Очень гордая, Но забирает фотографию, повторяет — видишь, какая я была красивая в детстве? Не знаю почему, но в этот момент я вспомнила о репортаже, который видела по телевизору несколько месяцев назад, о детях в сиротских приютах, я так сильно плакала, что отец отправил меня спать, не дав досмотреть до конца.
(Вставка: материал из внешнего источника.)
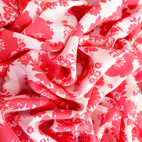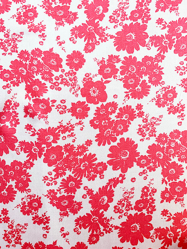 Coral and White Daisy Print Rayon Challis Fabric

— По правде, тебе совершенно наплевать…
Вот уже несколько дней Но пребывает в дурном настроении, запирается в своей комнате, а когда мы остаемся одни, раздражается по каждому пустяку. Меня это огорчает, но я помню, как отец однажды сказал, что неприятным и грубым можно быть только с самыми близкими, с теми, кому бесконечно доверяешь (ведь мы знаем, что они нас все равно любят). Я заметила, что Но потихоньку таскает лекарства у мамы, «ксанакс» и тому подобное, я застала ее в ванной в тот момент, когда Но закрывала упаковку. Она потребовала, чтобы я молчала, будто я какая-нибудь ябеда. Ей необходимо успокоительное, но его можно получить только по рецепту, так написано в медицинской энциклопедии, Но пообещала обязательно сходить к врачу, когда получит полис. Я знаю, что у нее проблемы на работе. Она возвращается с каждым днем все позже, устает все больше, порой даже отказывается от ужина, говорит, что не голодна, по ночам бродит по дому, включает воду в ванной, открывает и закрывает окно, не один раз я слышала, несмотря на закрытую дверь, как ее тошнит в туалете. Родители ни о чем не подозревают, мама принимает снотворное, а отец всегда спит очень крепко (когда он был маленький, даже работающий рядом пылесос был неспособен его разбудить). Из Китая он привез для каждой из нас по маленькому амулету на красном шнурке, я повесила свой над кроватью, потому что знаю, все плохое происходит по ночам. Свой амулет Но привязала к пуговице на куртке. Она получила первую зарплату, половину чеком, половину наличными. Шеф не рассчитал ее сверхурочные. Сказал, что если ее что-то не устраивает, то она может убираться на все четыре стороны. В тот же день она наплевала ему в кофе, хорошенько размешав слюну с кофейным порошком, чтобы он ничего не заметил, и повторяла это все последующие дни. Ее шеф — толстая свинья, он готов придушить родную мать, чтобы только сэкономить, он обсчитывает клиентов и все время обделывает темные делишки по телефону. Так рассказывает Но. Он постоянно придирается, что Но все делает медленно, слишком долго возится в каждом номере, а ведь еще надо сдать белье в прачечную, помыть холл и коридоры. В то же время он признает, что кое-что у нее прекрасно получается. Шеф уволил одного из барменов и не стал искать ему замену, теперь Но должна обслуживать клиентов, пока ее не сменит вечерний бармен. Она не хочет рассказывать об этом родителям. Говорит, что это неважно, но я-то знаю, что ее шеф явно не в ладах с законом, с налогами и всеми этими трюками.